Mit den neuesten Rechnungen unter Leitung der europäischen Raumfahrtbehörde ESA und des Max-Planck-Instituts für Sonnensystemforschung mehren sich nun die Hinweise, dass der viertgrößte der bisher bekannten 79 Jupitermonde dieses Wasser zumindest gelegentlich in kryovulkanischen Ausbrüchen ins All abgibt. Ein solches Verhalten ist etwa vom Saturnmond Enceladus bekannt, von dessen Wasserfontänen die NASA-Raumsonde Cassini spektakuläre Aufnahmen einfing.

Vergleichbar überzeugende Beweise dafür, dass auch Europa zu den kryovulkanischen Körpern im Sonnensystem zählt, gibt es bisher zwar nicht. „Aber verschiedene Theorien, Modellrechnungen und sporadische Beobachtungen legen nahe, dass auch Europa unterirdisches Wasser ins All schießt“, sagt Elias Roussos vom Göttinger Max-Planck-Institut. Anzeichen für eine Eruption fanden Forscher aus Europa und den USA unabhängig voneinander in den vergangenen Jahren.

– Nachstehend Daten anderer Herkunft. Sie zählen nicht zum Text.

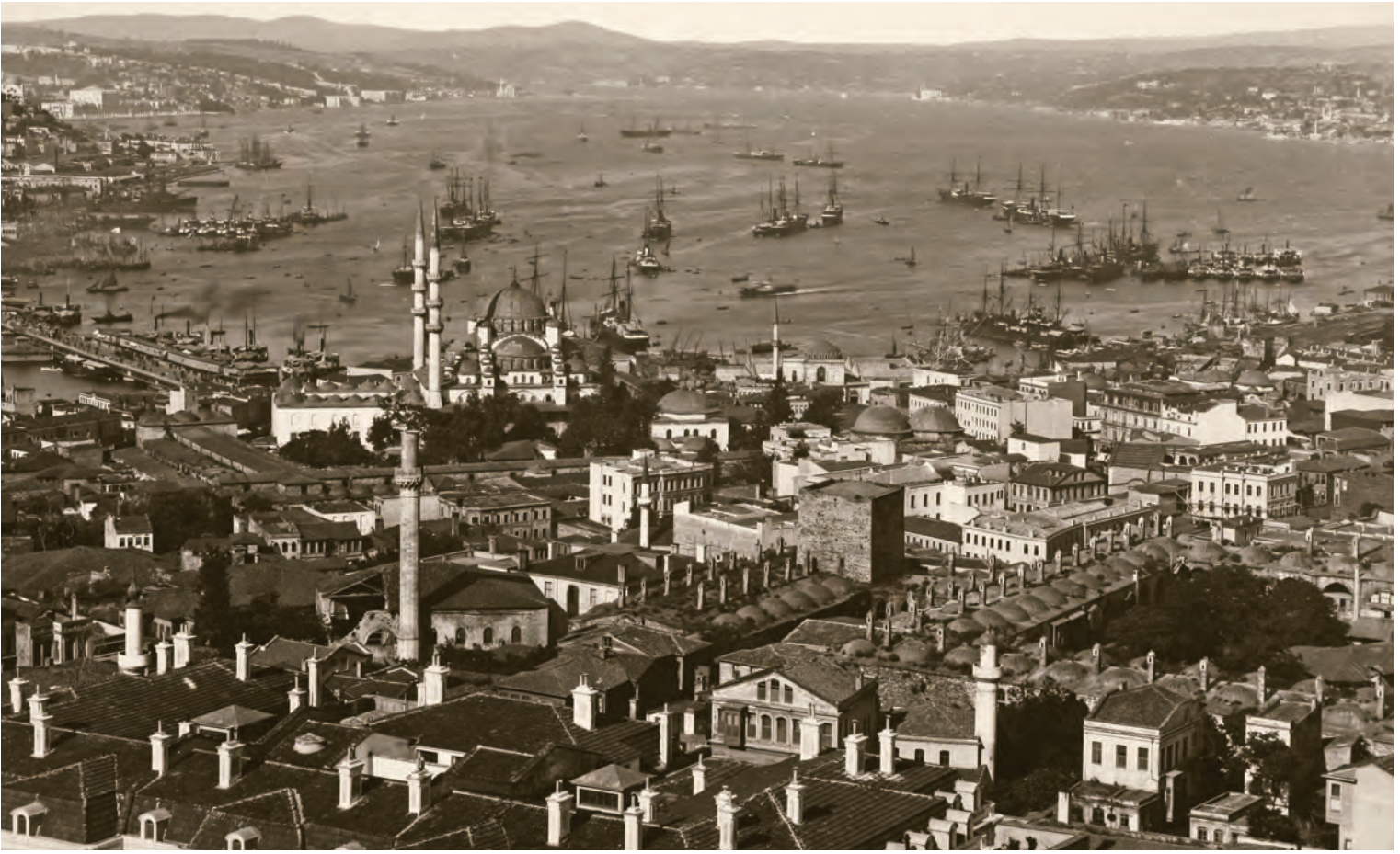
6- Yeni Cami çevresi ve Boğaz

XV. yüzyıllara kadar geri götürülebilirse de sonuçları ve şehirlere etkilerinin görülmesi açısından 1700'lü yıllar kritik eşik olarak ortaya çıkmaktadır.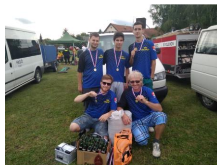
*účast zbytku týmu byla na extralize

Bítouchov: požární útok; muži B: 8. místo (29,15 s)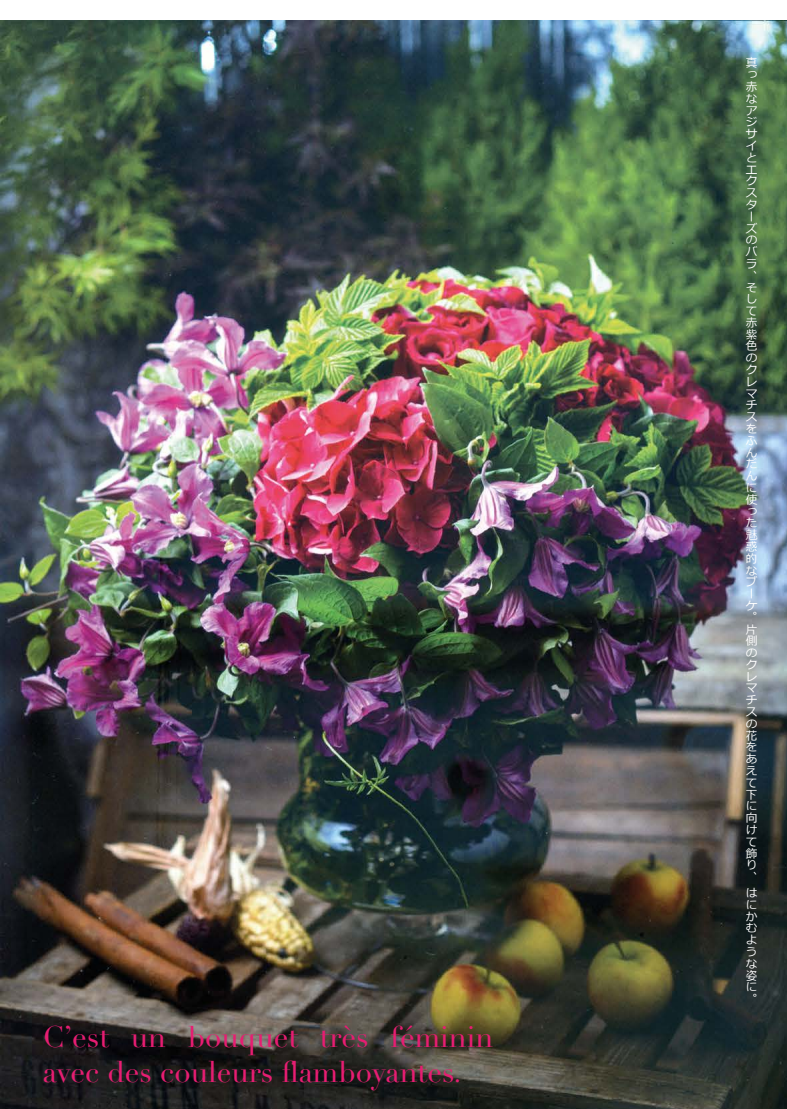
C'est un bouquet très féminin avec des couleurs flamboyantes.

Les feuilles de spirée deviennent un peu rouge comme la couleur des roses Avalanche Pearl.

Einige dieser Gruppen werteten Daten des Magnetometers an Bord der NASA-Raumsonde Galileo aus, die ab 1995 acht Jahre lang das Jupitersystem erkundete. Bei einem Vorbeiflug an Europa im Jahr 2000 zeigten die Messdaten nahe des Mondes Abweichungen im Jupitermagnetfeld. Diese könnten auf eine Wasserfontäne zurückzuführen sein, die sich während des Vorbeiflugs ereignete.

Zusammen mit seinen Kollegen nahm sich ESA-Wissenschaftler Hans Huybrighs die Messdaten der Passage erneut vor – dieses Mal allerdings die des Teilchendetektors EPD (Energetic Particles Detector). Das Instrument wurde am Applied Physics Laboratory der Johns-Hopkins-Universität (USA) und am Max-Planck-Institut für Sonnensystemforschung entwickelt und gebaut. EPD zeichnete unter anderem die Verteilung hochenergetischer Protonen auf, die im Jupitermagnetfeld gefangen sind.

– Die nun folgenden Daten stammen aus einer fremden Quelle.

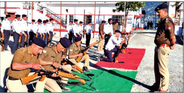
नैनीताल में रथफल खेलन के प्रदर्शन करते पुलिस के जवान।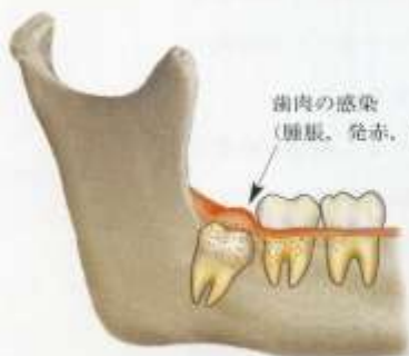
歯肉の感染 (腫脹、発赤、疼痛)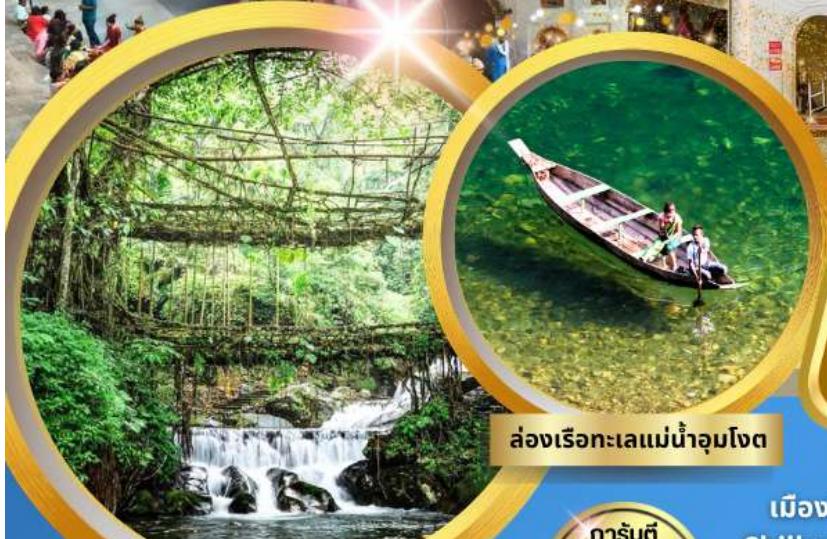
ล่องเรือทะเลแม่น้ำจุมโจต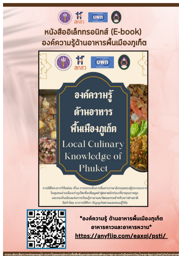
Figure 2. E-book Local Culinary Knowledge of Phuket

องค์ความรู้ด้านอาหารพื้นเมืองภูเก็ต ซึ่งในโดยเนื้อหาในเล่มจัดทำในรูปแบบสองภาษา (ไทย-อังกฤษ) ทั้งนี้ ได้มีการรวบรวมองค์ความรู้ด้านอาหารพื้นเมืองภูเก็ตประเภทอาหารคาว จำนวน 6 เมนู ประกอบด้วย 1. หมูฮ้อง (Red Braised Pork Belly) 2. ผัดหมี่ฮกเกี้ยน (Hokkien Noodles) 3. โอวต้าว (Phuket Fried Oyster and Taro (O-Tao) 4. แกงส้มปลากุเลา (Southern Thai Yellow Curry Fish) 5. น้ำชุบหย่า (Southern Thai Chili Shrimp Paste Dip or Nam Chup Yam) และ 6. หมี่หุ่นปะฉ่าง (Rice Noodles with Pork-ribs soup or Mee Hun Pa Chang) นอกจากนี้ องค์ความรู้ด้านอาหารพื้นเมืองภูเก็ตประเภทอาหารหวาน จำนวน 7 เมนู ประกอบด้วย 1. โอ้เอ๋ว (O-aew) 2. บีโกหมอย (Black Glutinous Rice Dessert Soup (Bee Koh Moy)) 3. ขนมองกู่ (Turtle Mung Bean Paste (Ang-Ku)) 4. ขนมปาวหล้าง (Khanom Pao Lang) 5. ขนมอาโป้ง (Khanom Ahpong) 6. ขนมไก่อีตลาลัม (Khanom Koi Talam) และ 7. ขนมเกี่ยมโก้ย (Khanom Keam Koey) ในประเด็นสำคัญในการจัดทำองค์ความรู้ด้านอาหารพื้นเมืองภูเก็ต มีการใช้ภาษาในเมนูอาหาร เพื่อช่วยสร้างภาพลักษณ์และเอกลักษณ์ของร้านในมุมมองนักท่องเที่ยวต่างชาติ และองค์ประกอบทางวัฒนธรรมของเมนู เพื่อสะท้อนความสัมพันธ์ของคนภูเก็ตกับอาหารในชีวิตประจำวันและพิธีกรรมท้องถิ่น ในการนี้ ได้มีการเผยแพร่องค์ความรู้ในร้านอาหารในชุมชนย่านเมืองเก่าภูเก็ต ตลอดจนการเผยแพร่ผ่านสื่อโซเชียลมีเดียของชุมชนวิสาหกิจชุมชน หรือช่องทางอื่น ๆ ผ่าน QR Code หรือผ่านลิงก์ https://anyflip.com/eaxqj/vawf/ สำหรับการเผยแพร่เพื่อขับเคลื่อนเมืองเก่าภูเก็ต สู่มืองแห่งการเรียนรู้ ภาษาและวัฒนธรรมสำหรับชาวต่างชาติ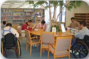
レクの時間に図書館で読書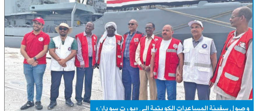
وصول سفينة المساعدات الكويتية إلى «بورت سودان»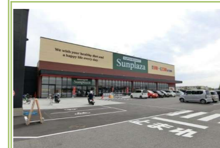
⑦サンプラザ東貝塚店 … 約 1100m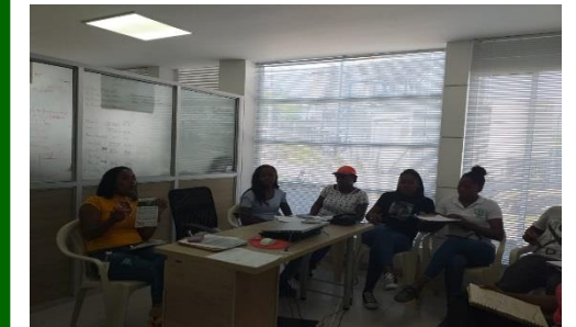
Capacitación al equipo de gestión social, con la fundación MIMA.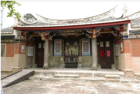
新埔宗祠博物館聯營計畫核心館舍-陳氏宗祠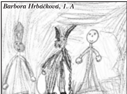
Barbora Hrbáčková, 1. A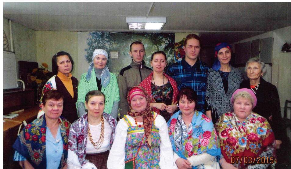
Традиционная культура украшает нас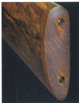
La plaque de couche en noyer pourra être remplacée par une plaque absorbante et un gainage cuir par exemple.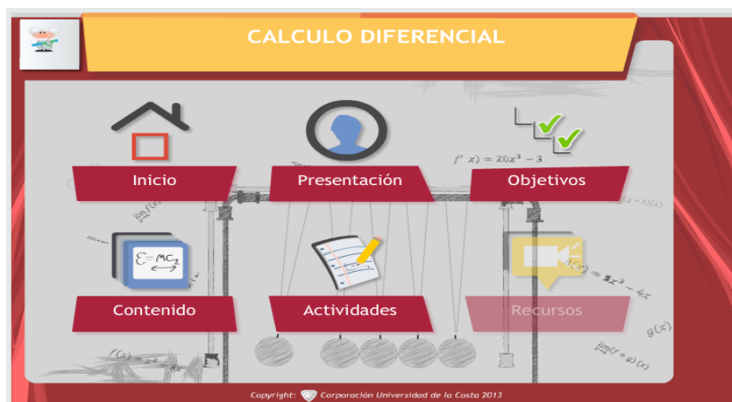
Fig.2: Página de acceso a un OVA de Calculo Diferencial

cual se procedió a crear los contenidos de refuerzo que fueron puestos a disposición de los estudiantes. En la figura 2, se muestra la página de ingreso a uno de los OVA desarrollados en la asignatura de cálculo diferencial, durante el trabajo de investigación.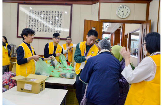
▲ 志工們整理好物資並為年長者服務。

「行善不是注入一滴水，而是燃起一盞燈。」忠恕道院每年辦理冬令關懷活動，除了讓鄉親過好年，更希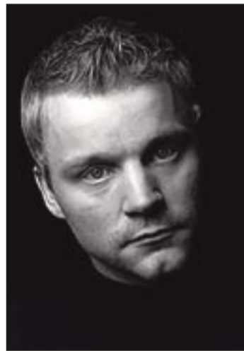
Denni í dag.

að gera þessa viðburði sem glæsilegasta og segja má að botninum í því hafi verið náð þegar við stálum jólaseríu af tréi úr einhverjum garðinum í Stekkjunum. Það var ekki fallega gert, en serían tók sig svakalega vel út á trommusettinu.

„Das Magnetfeld des Riesenplaneten ist bis zu zwanzigfach so stark wie das der Erde und reicht mehrere Millionen Kilometer ins All hinaus“, sagt Max-Planck-Forscher Norbert Krupp über die Bedingungen im Jupitersystem. Der Mond Europa zieht seine Bahnen innerhalb dieses gewaltigen magnetischen Schutzschildes. Beim Vorbeiflug an Europa im Jahr 2000 verzeichnete EPD deutlich weniger Protonen in der Nähe des Mondes als erwartet. Bisher hatten Forscherinnen und Forscher angenommen, dass Europa selbst die Sicht des Detektors verstellt hatte.

Die aktuellen Ergebnisse deuten jedoch auf eine weitere Ursache hin. In aufwendigen Computersimulationen modellierten die Forschenden unter Leitung der ESA und des Max-Planck-Instituts die Bewegungen der hochenergetischen Protonen während des Vorbeiflugs und versuchten so, die Messdaten von EPD zu reproduzieren. Dies gelang jedoch nur unter der Annahme, dass eine Wasserfontäne die Umgebung von Europa beeinflusst hatte.

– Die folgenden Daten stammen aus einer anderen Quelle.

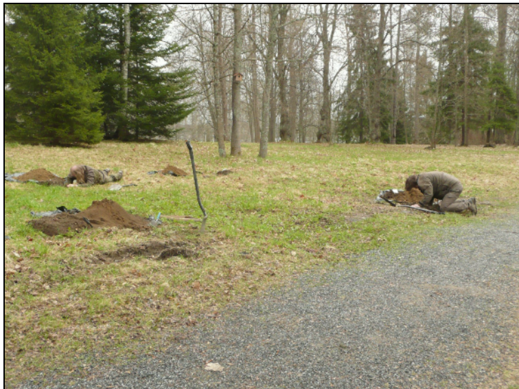
Koekuopitus käynnissä. Kuoppien sisältöä tutkitaan. kuvattu itään. Alla: T Sepänmaa tutkii kuoppaa.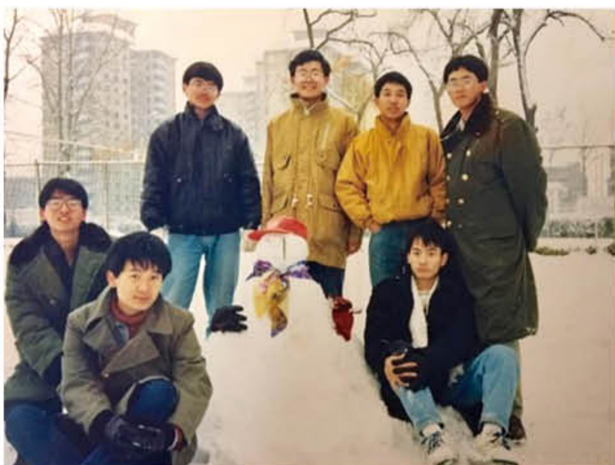
堆雪人的大老爷们

最后说玩儿。香港有一部影片叫《志明与春娇》，是余文乐和杨千嬅主演的，特别喜欢。男主角志明每次买冰淇淋的时候都要两个小时的干冰，其实不是为了保存冰淇淋，而是喜欢把干冰倒进马桶，看马桶里的云雾缭绕，并且拉着杨千嬅扮演的春娇一起看，一起乐。这就是青春，以及伴随青春一起跃动的激情。大学时，我们也有一样的激情。我们曾经三天两夜从学校往返十渡，骑着自行车；我们曾醉心于铁研的录像和国图的老电影，一行七人，浩浩荡荡，进入影院，而不是成双结对；我们也曾一起在雪地里堆雪人，还给它系上花围巾。可20年后的今天，就再也不可能了。什么都能重来，只有青春一去不再。这么多事情，和青春搅合在一起就是美好，离开青春，就是傻帽。看看我们当初的美好吧。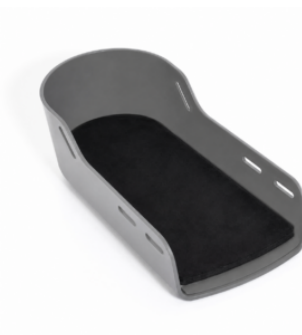
Bloque para sandalia (10 mm)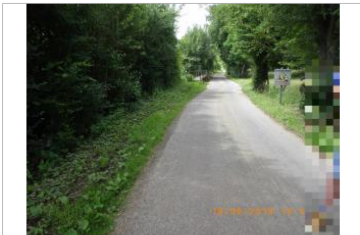
Route des Prés de la Sabotière avec le panneau "Ralentissez" (sour : SPC SACN)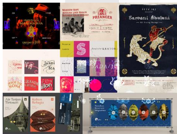
Gambar 1 Inspirasi Look and Feel Perancangan Media

Penggunaan keywords ini membantu untuk filtrasi media dan visual yang diinginkan pada perancangan. Dalam hal ini, media utama akan berpusat pada type specimen book dan media pendukung yang terbagi menjadi media pendukung cetak (Poster, Pamphlet, Sticker Pack) dan digital (post media sosial, diantaranya: Instagram (Feeds, Story, Reels), Behance Post, dan LinkedIn Post). Lalu penentuan visual pun menurun menjadi 3 bagian, yakni (1) Look and Feel, (2) Color System, (3) Type System.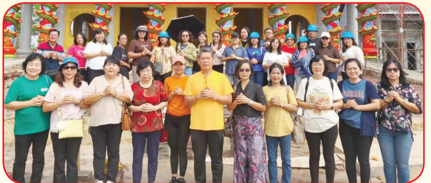
Foto bersama rombongan usai meninjau proyek pembangunan SeTiAKIN.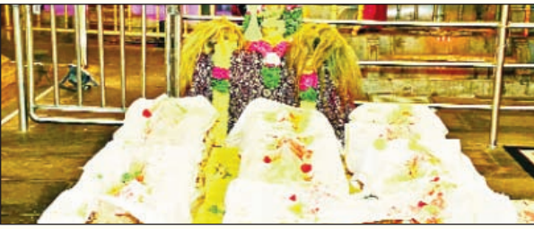
యాదగిరిగుట్ట ఫిబ్రవరి 28 (ప్రభాతవార్త) :

యాదగిరిగుట్ట శ్రీ లక్ష్మీ నరసింహ స్వామి దేవస్థానంలో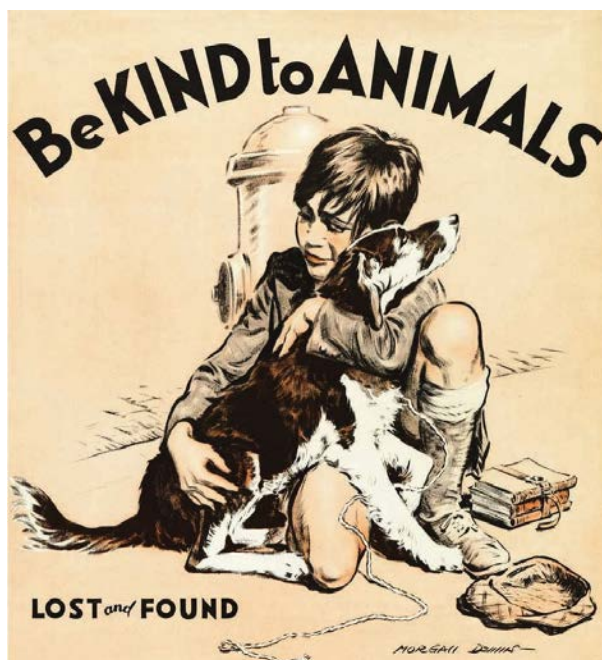
Figure 5. Morgan Denis, « Young boy hugging his dog », Be Kind to Animals Week Poster, 55.88 x 43.18 cm, 1933. Onondaga County Public Library (OCPL) https://nyheritage.contentdm.oclc.org/digital/collection/sr_r_ocpl/id/2320/rec/2 .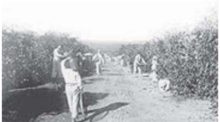
Figura 3 - Imigrantes italianos trabalhando na colheita do café.

A primeira experiência conhecida como Sistema de Parceria, coube a iniciativa do Senador Vergueiro que em 1852 transferiu para sua fazenda em Limeira oitenta famílias de camponeses. Nesse sistema o imigrante arcava com basicamente todas as despesas tais como: passagem, alimentação, ferramentas etc. Além disso, o colono assinava um contrato através do qual só

Wenn hochenergetische Protonen auf ungeladene Teilchen aus der Atmosphäre des Mondes oder einer Wasserfontäne treffen, nehmen sie Elektronen von diesen auf und werden dabei selbst zu ungeladenen Teilchen. „Dadurch sind sie nicht länger im Magnetfeld des Jupiters gefangen und können das System mit hoher Geschwindigkeit verlassen“, erklärt Erstautor Huybrighs von der ESA.

Für künftige Jupitermissionen böten Europas Wasserfontänen die Möglichkeit, in direkten Kontakt mit dem unterirdischen Wasserreservoir des Mondes zu treten und dieses zu charakterisieren. Im Jahr 2022 soll die ESA-Mission JUICE (Jupiter Icy Moon Explorer) auf die Reise zum Jupitersystem gehen. Das Göttinger Max-Planck-Institut stellt das Instrument SWI (Submillimeter Wave Instrument) sowie das Jupiter Elektronen- und Ionen-Spektrometer (JEI) – einer von insgesamt sechs Sensoren von PEP (Particle Environment Package) – zur Verfügung. Weiterhin bereitet die NASA die Mission Europa-Clipper vor, die 2023 zum Jupiter starten soll. Auch an dieser Mission sind die Göttinger Wissenschaftler beteiligt.